With yet another painful sigh, Garrett spun on his heels and almost took out a couple of gang-bangers. Miming an apology, he slid past them and almost made it to Courtroom 3A’s entrance when the heavy oak door burst open and Casky’s ample backside threatened to run him down. On instinct, Garrett side-stepped, stashed his tripod behind a trashcan and powered up his camera. Blue light erupted from the viewfinder and the audio needles sprung to life as he pressed his face to the eyepiece. Inside, a one inch screen displayed the image of the tooth doctor himself, flanked on all sides by what looked to be four very pissed-off dental hygienists. The largest one, a severe looking woman with hand-painted eyebrows took her wrath out on the backpedaling Casky.

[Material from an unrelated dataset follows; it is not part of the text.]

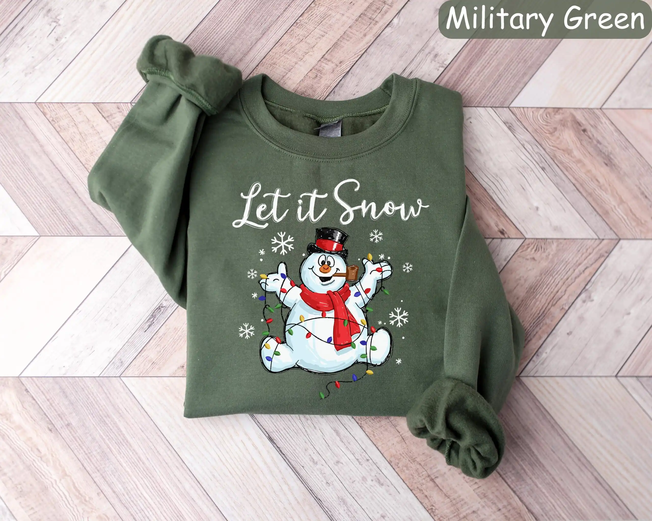 Embrace the holiday season with the Let It Snow Snowman Sweatshirt, Cute Snowman Christmas Shirt, Holiday Winter Sweatshirt, Christmas Lights Sweater, Cozy Winter Crewneck. Shine bright in this delightful design that adds cheer to your winter wardrobe!

“I don’t know why you media people insist on getting’ in our face!” she spat as she thrust her purse toward the veteran photog’s lens. Garrett flinched a little as the enraged hygienist’s jewel encrusted handbag came near his camera, but Casky held his shot, allowing the woman to make a complete fool of herself as she tried to shield her boss from view and thus guaranteeing they’d both be kicking off the two different newscast’s opening segments in the process. As Casky stayed close and tight, Garrett pulled out wide and included his old mentor in the shot, careful not to show the competing station’s flashy logo. When Nurse Furious spotted a new lens, she turned on the scruffy young man with the camera stuck to his face

“A man’s innocent before he’s proven guilty!” she exclaimed, making her employer seem far more shadier had she not appointed herself spokesperson. “Until then, ya’ll can all go to hay’ll!” With that, she and her fellow over-manicured bouncers whisked their boss through the stairwell doorway and disappeared. When the door shut, Casky and Garrett giggled like smitten school girls.

“Man,” Casky said, as he played back the woman’s apoplectic image on his viewfinder’s tiny screen, “She’s sure earnin’ her bonus.”

“Should we chase ‘em?” Garrett asked as the older photog walked over to the window that looked out over the courthouse parking lot.

“Nah, nothin’ we’re gonna get will top that.” Casky said as he spotted a brightly decorated Ford Explorer pull into a judge’s reserved parking space below. “Besides, let Channel 4 get a piece of the action. Hoyle could use some of that love for his escape tape, anyway.”


tapeguy said...

Glad to see G.Lee is back...he's had quite the hibernation. I'll catch ya on the patio.

OhioChief said...

A Good Short Story. I like how you captured the life of a photog on court beat. I've had to make those stair climbs several times myself. They're never fun.